The session of pytask.

Parameters:

config (dict[str, Any]) – Configuration of the session.
collection_reports (list[CollectionReport]) – Reports for collected items.
dag (nx.DiGraph) – The DAG of the project.
hook (HookRelay) – Holds all hooks collected by pytask.
tasks (list[PTask]) – List of collected tasks.
dag_reports – Reports for resolving dependencies failed.
execution_reports (list[ExecutionReport]) – Reports for executed tasks.
n_tasks_failed (int) – Number of tests which have failed.
should_stop (bool) – Indicates whether the session should be stopped.
warnings (list[WarningReport]) – A list of warnings captured during the run.

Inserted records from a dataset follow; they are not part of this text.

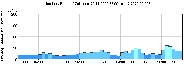 Stickstoffdioxid NO2: Stunden-Mittelwerte der letzten 48 Stunden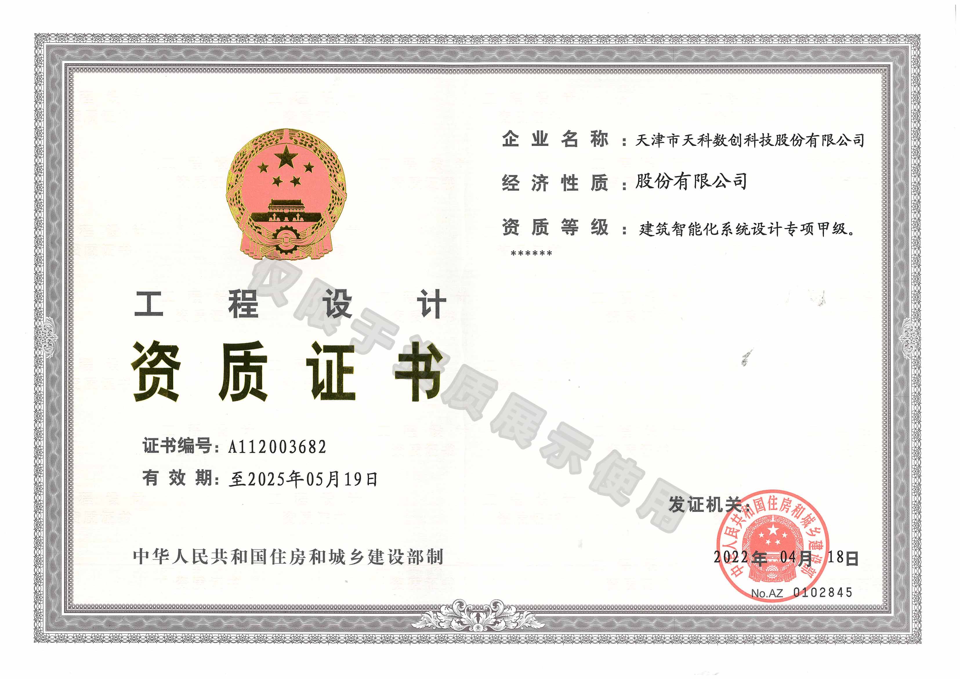 • 工程設(shè)計資質(zhì)證書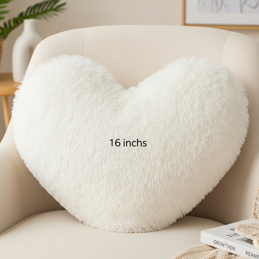 Soft, playful, and irresistibly cozy, this plush white heart-shaped pillow is made for comfort and charm. Measuring 16 inches wide, it features a fluffy boucle fur texture that feels indulgent to the touch.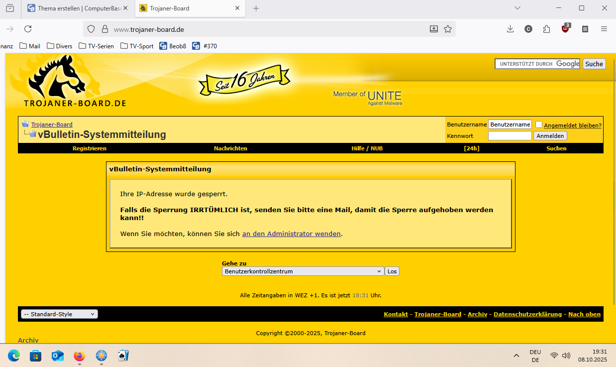 Meine IP Adresse bei Trojaner-Board.de ist gesperrt.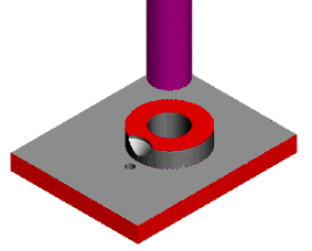 For example if you have 0.25, 0.375 and 0.5 inch holes, a 0.5 inch spotdrill is used for all holes. It is possible that you could get a gouge with this setting turned on, if a large spotdrill might gouge neighboring features. The following image shows a situation that would gouge: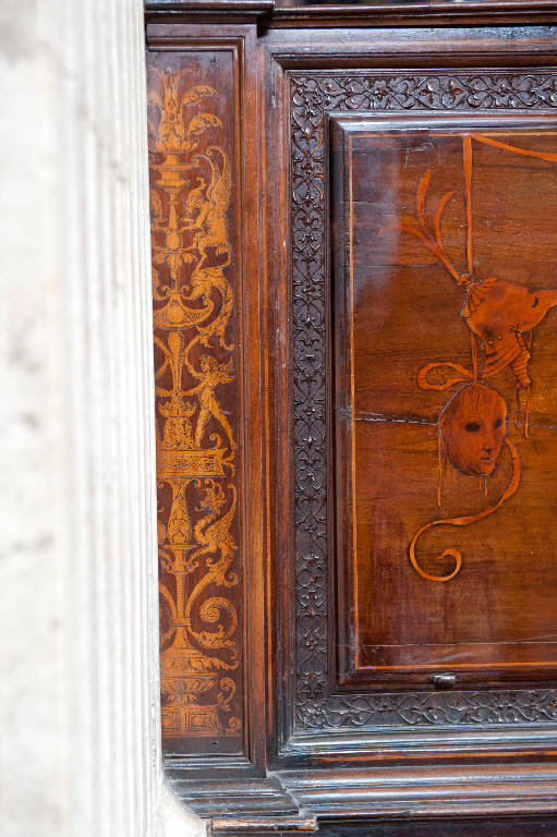 - NOTIZIE STORICO CRITICHE Il piedistallo intarsiato fa parte del coro commissionato nel 1522 dal Consorzio della Misericordia Maggiore di Bergamo al legnaiolo e intarsiatore loverese Giovanni Francesco Capoferri, al quale, alla fine di ottobre, fu affiancato il marangone Giovanni Belli di Ponteranica per i lavori di intaglio. Il progetto della struttura del coro fu messo a punto dallo stesso Capoferri che visitò varie città del Nord-Italia per vedere altri cori intarsiati e che nel luglio-agosto 1523 si recò più volte a Milano dal pittore e architetto trevigliese Bernardo Zenale per sottoporgli il modello del coro. I cartoni delle tarsie figurative che ornano il coro furono affidate in un primo momento (29 ottobre 1523) al poco noto pittore bergamasco Nicolino Cabrini che morì poco dopo: il 12 marzo 1524 fu incaricato al suo posto Lotto, a cui il 2 giugno 1524 il Consorzio richiese anche i pannelli intarsiati ("coperti") che dovevano proteggere le preziose tavolette, i cui soggetti dovevano essere indicati dal principale teologo della città, fra Girolamo Terzi.\nLa struttura del coro è in legno di noce, salvo l'ossatura in legno di conifera. I primi acquisti di legname risalgono al 1523 (cfr. il "Liber fabrice Chori"): insieme al giovanissimo figlio Alessandro, l'intagliatore Giovanni Belli realizzò gran parte della struttura e molte delle decorazioni intagliate. Nel dicembre 1524 il pittore Domenico Petengi d'Albano fu incaricato di realizzare molti dei disegni per gli intagli e le sculture presenti nel coro, ma anche per le tarsie ad arabeschi o a candelabra che andarono a ornare le parti minori del coro: in particolare preparò i cartoni per i pannelli medi e piccoli degli stalli e dell'iconostasi e per i pannelli grandi posti a decorazione del retro del recinto del coro. Nel 1530 anche i pittori Lucano da Imola e Giacomo da Castione fornirono disegni per altri arabeschi intarsiati e ne curarono la profilatura, cioè la rifinitura con tracce grafiche per il completamento del disegno. Anche il Petengi era intervenuto nella profilatura delle tarsie da lui disegnate ma "con grafia alquanto pesante, uniforme e talvolta approssimativa" (Cortesi Bosco, p. 24). La realizzazione di queste tarsie minori spettava al Capoferri, aiutato da altri intasiatori come Paolino da Treviglio che nel 1524 eseguì quattro mezze colonne intarsiate (forse quelle del fronte dell'iconostasi), probabilmente Angelo Ferri, giovane aiuto del Capoferri che morì precocemente durante la peste del 1529 e altri artefici come Alessandro Belli, Giacomo Alberti e Giovan Maria de Marendis, allievo dell'intarsiatore fra Damiano Zambelli. Difficile distinguere, tuttavia, le singole mani nelle varie tarsie decorative del coro. In una lettera del settembre 1527 Lotto diede il suo parere circa il tipo di decorazioni intarsiate da porre sulla parte retrostante del recinto del coro: tali decorazioni dovevano essere "a finto trasforato" con elegante effetto illusionistico, ma, forse perché l'esecuzione dei pannelli era già stata iniziata, il consiglio rimase inascoltato.\nNel 1531 fu deciso di ampliare la struttura del coro, trasferendo le tarsie istoriate del coro degli ecclesiastici ai due bancali dei celebranti e dei Rettori e al coro dei laici nell'abside: nel coro degli ecclesiastici rimasero i soli 'coperti' di soggetto simbolico. Nell'ottobre del 1533, consegnati dal Capoferri gli ultimi pannelli intarsiati, risultano già collocate negli stalli del coro dei religiosi le tarsie 'simboliche' degli ex-coperti, mentre le altre tarsie istoriate sarebbero rimaste per vent'anni nei depositi della Misericordia Maggiore.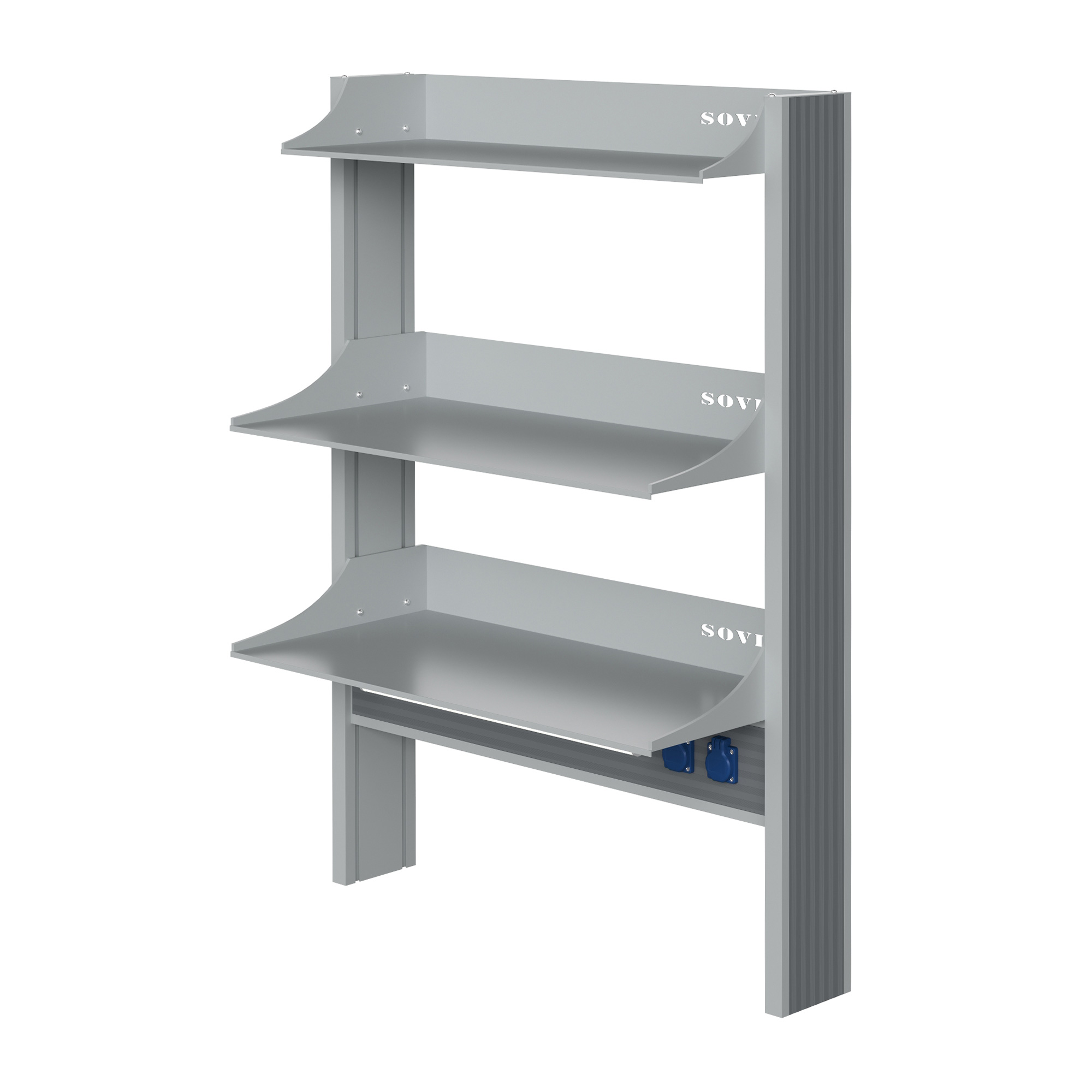 - Компактная и усиленная конструкция — три металлические полки с высокими бортами обеспечивают надежное размещение оборудования.

class pytask.DataCatalog(*, default_node: type[~_pytask.node_protocols.PNode] = <class '_pytask.nodes.PickleNode'>, entries: dict[str, ~_pytask.node_protocols.PNode | ~_pytask.node_protocols.PProvisionalNode] = NOTHING, name: str = 'default', path: ~pathlib.Path | None = None, session_config: dict[str, ~typing.Any] = NOTHING, instance_path: ~pathlib.Path = NOTHING)[source]¶

A data catalog.

Parameters:

default_node (type[_pytask.node_protocols.PNode]) – A default node for loading and saving values. By default, PickleNode is used to serialize any Python object with the pickle module.
entries (dict[str, _pytask.node_protocols.PNode | _pytask.node_protocols.PProvisionalNode]) – A collection of entries in the catalog. Entries can be PNode or a DataCatalog itself for nesting catalogs.
name (str) – The name of the data catalog. Use it when you are working with multiple data catalogs that store data under the same keys.
path (pathlib.Path | None) – A path where automatically created files are stored. By default, it will be .pytask/data_catalogs/default.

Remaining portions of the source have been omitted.